Sheriff Tells TGB He Will Instruct His Deputies to Refer Non-Criminal Cases to LCO Police
By Joe Morey
On Nov. 25, the Tribe and the Sawyer County Sheriff’s Department renewed their annual Law Enforcement Agreement for 2021, and one significant change was the implementation of a system to insure that all non-criminal citations issued within the LCO Reservation exterior boundary would be processed through LCO Tribal Court rather than the county court system.
This past week the Sheriff met with the LCO Tribal Governing Board (TGB) to discuss the process of establishing and implementing an efficient system for all county deputies to refer all civil violations/citations occurring on the reservation to the tribal court, which, as part of the agreement, was to be created within the first three months.
Sheriff Doug Mrotek told the TGB that he would immediately issue a memo to all of his deputies instructing them to refer all non-criminal citations written within the reservation boundary to the LCO Police Department to process through tribal court, which would serve as the process while the county’s corporate counsel and tribe’s attorney would set up a meeting to go over legalities and jurisdictional questions.

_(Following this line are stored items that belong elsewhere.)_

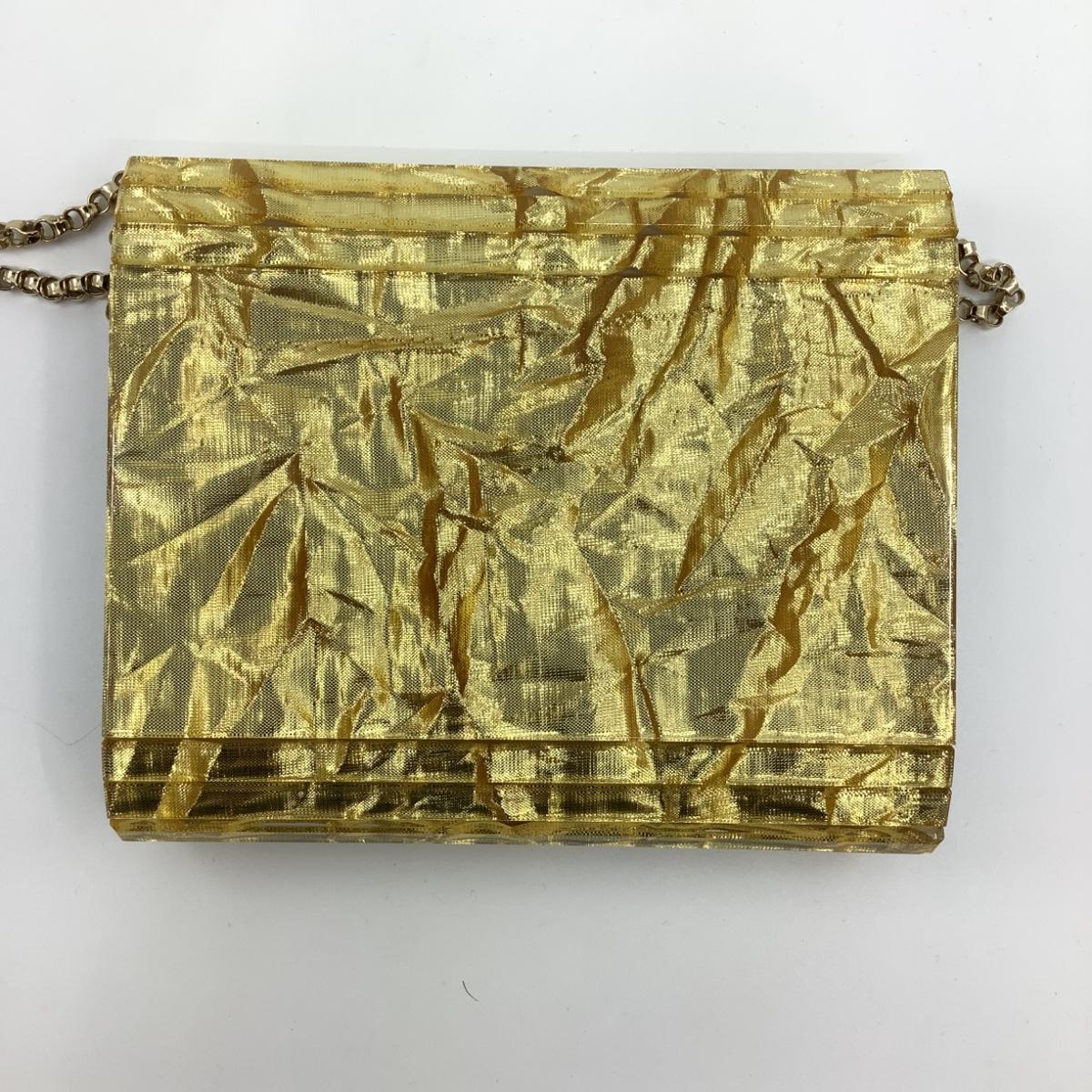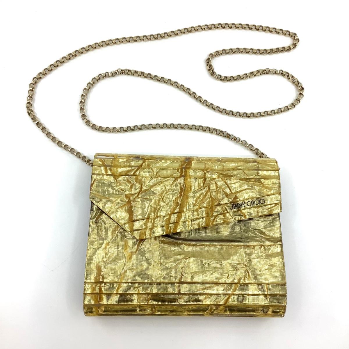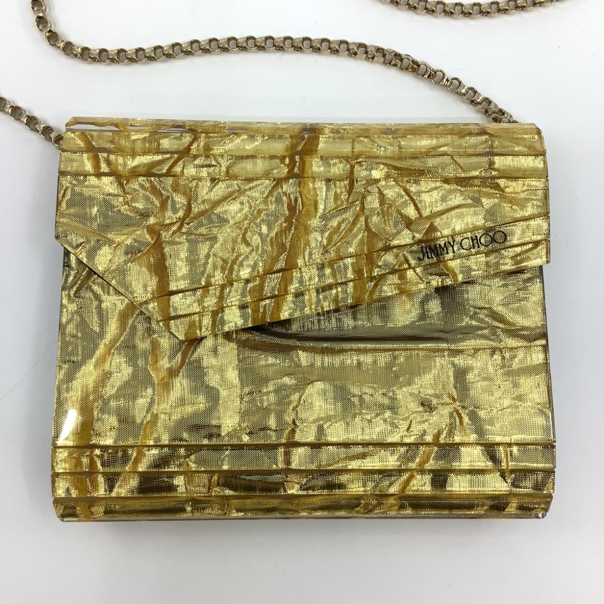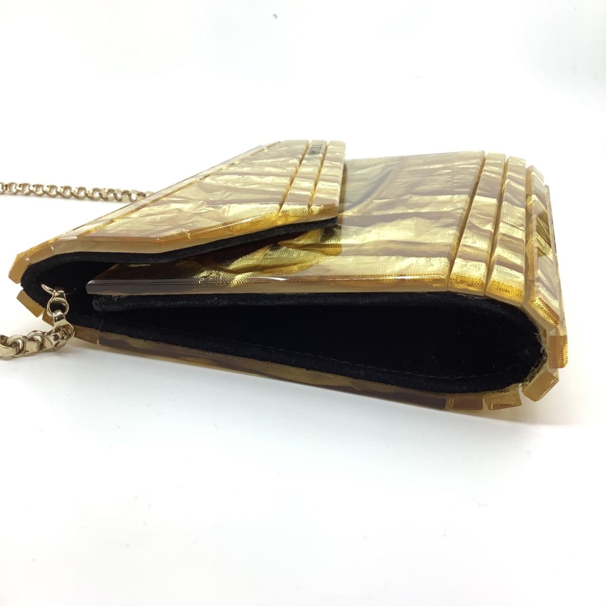 205 JIMMY CHOO Gold Glitter Acrylic Candy Clutch Bag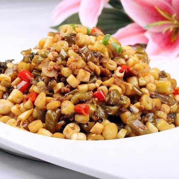 4,接着把桑叶牙尖也放进锅中,加入适量的食盐和花生油,搅拌均匀。加入少许花生油,可以使得桑叶牙尖一直保持青葱翠绿的颜色,绿油油的特别有食欲。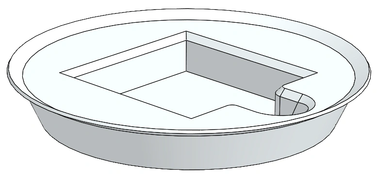 We modeled the pie pan first - A simple revolve with a recess cut into it for the Post-it notes (plus room for your thumb to reach in and grab one).

One issue that has come up for non-Natives in the county is their potential treatment in tribal court. Dyllan Linehan, one of the tribe’s attorneys, explained that the fear of non-Natives in tribal court has been unfounded for a long time.
“The fear is because there is no knowledge or communication,” Linehan stated. “It’s not scary. We have the same standard as anywhere. Our traffic code is adopted to follow the same traffic laws of the state of Wisconsin. People need to understand it’s the same exact statute as the state and it’s civil. You’re not going to go to jail.”
Linehan told the sheriff that as the tribal prosecutor, he takes many things into consideration and works with defendants.
“Our boundary lines are important, but this whole thing is about law enforcement. We are a partnership,” Linehan stated.